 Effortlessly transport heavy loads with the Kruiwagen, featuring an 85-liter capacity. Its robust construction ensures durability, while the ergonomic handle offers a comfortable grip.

==

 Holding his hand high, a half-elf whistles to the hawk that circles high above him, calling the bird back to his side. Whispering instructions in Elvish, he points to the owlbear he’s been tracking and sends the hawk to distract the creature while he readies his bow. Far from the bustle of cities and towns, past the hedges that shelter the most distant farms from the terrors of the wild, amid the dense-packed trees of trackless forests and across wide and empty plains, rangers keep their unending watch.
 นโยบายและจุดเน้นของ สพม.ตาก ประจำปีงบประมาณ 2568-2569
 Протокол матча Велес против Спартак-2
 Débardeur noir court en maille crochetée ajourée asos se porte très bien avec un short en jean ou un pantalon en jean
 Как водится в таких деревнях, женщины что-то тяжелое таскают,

* * *

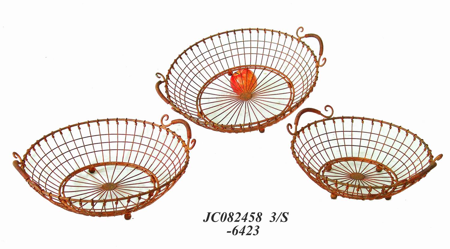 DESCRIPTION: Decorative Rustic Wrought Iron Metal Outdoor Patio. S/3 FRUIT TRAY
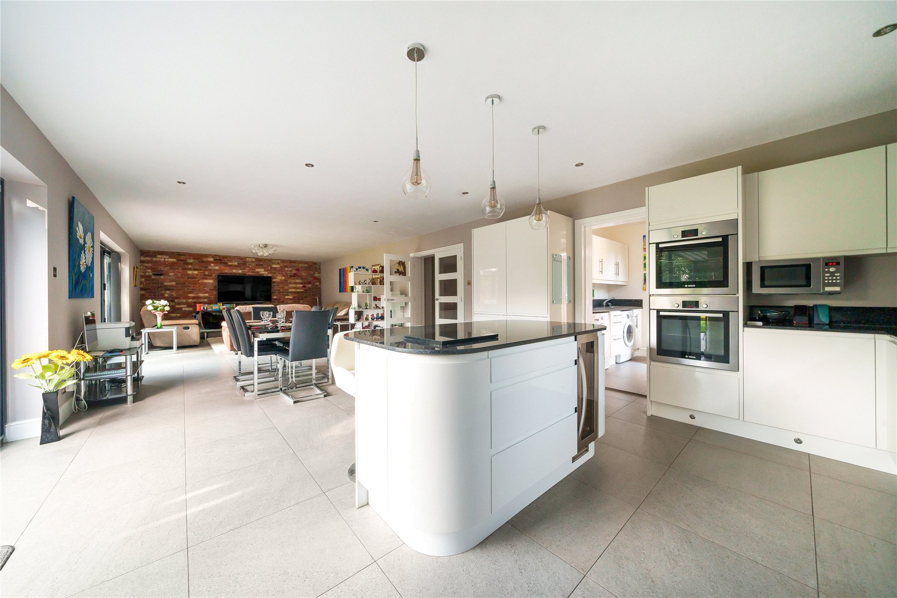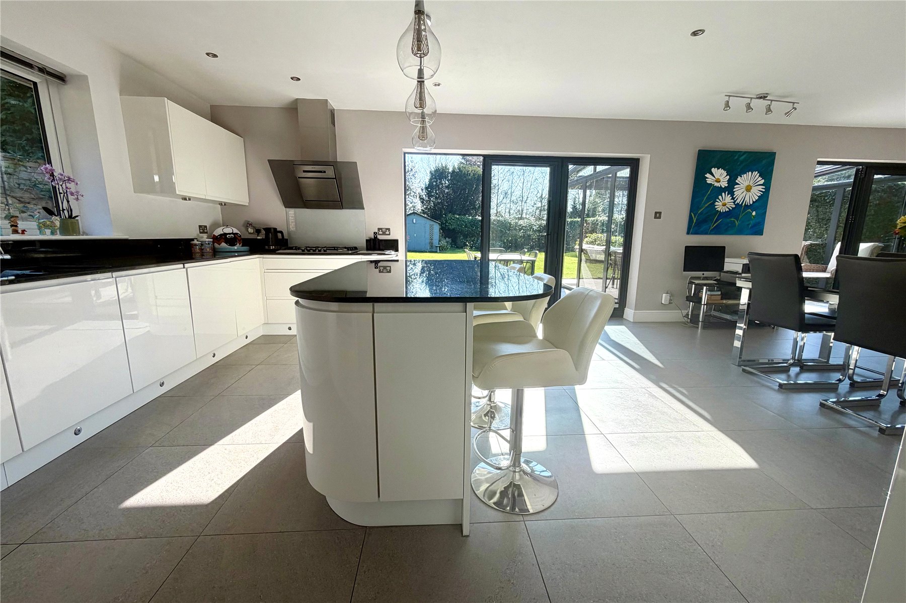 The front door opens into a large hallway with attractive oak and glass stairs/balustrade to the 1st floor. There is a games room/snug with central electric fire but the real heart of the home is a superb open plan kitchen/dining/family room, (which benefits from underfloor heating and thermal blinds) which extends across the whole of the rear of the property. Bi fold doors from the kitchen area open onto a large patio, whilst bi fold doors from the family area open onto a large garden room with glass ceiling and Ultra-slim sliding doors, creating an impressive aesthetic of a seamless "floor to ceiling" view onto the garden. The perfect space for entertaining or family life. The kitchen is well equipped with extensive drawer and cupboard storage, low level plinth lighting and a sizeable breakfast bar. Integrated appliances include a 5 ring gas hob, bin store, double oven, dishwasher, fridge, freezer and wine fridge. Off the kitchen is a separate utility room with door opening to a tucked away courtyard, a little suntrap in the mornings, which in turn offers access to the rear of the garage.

## [Work order]
Every line in the data that holds the string "while" should be copied.

## [Solved problem]
 Effortlessly transport heavy loads with the Kruiwagen, featuring an 85-liter capacity. Its robust construction ensures durability, while the ergonomic handle offers a comfortable grip.
 Holding his hand high, a half-elf whistles to the hawk that circles high above him, calling the bird back to his side. Whispering instructions in Elvish, he points to the owlbear he’s been tracking and sends the hawk to distract the creature while he readies his bow. Far from the bustle of cities and towns, past the hedges that shelter the most distant farms from the terrors of the wild, amid the dense-packed trees of trackless forests and across wide and empty plains, rangers keep their unending watch.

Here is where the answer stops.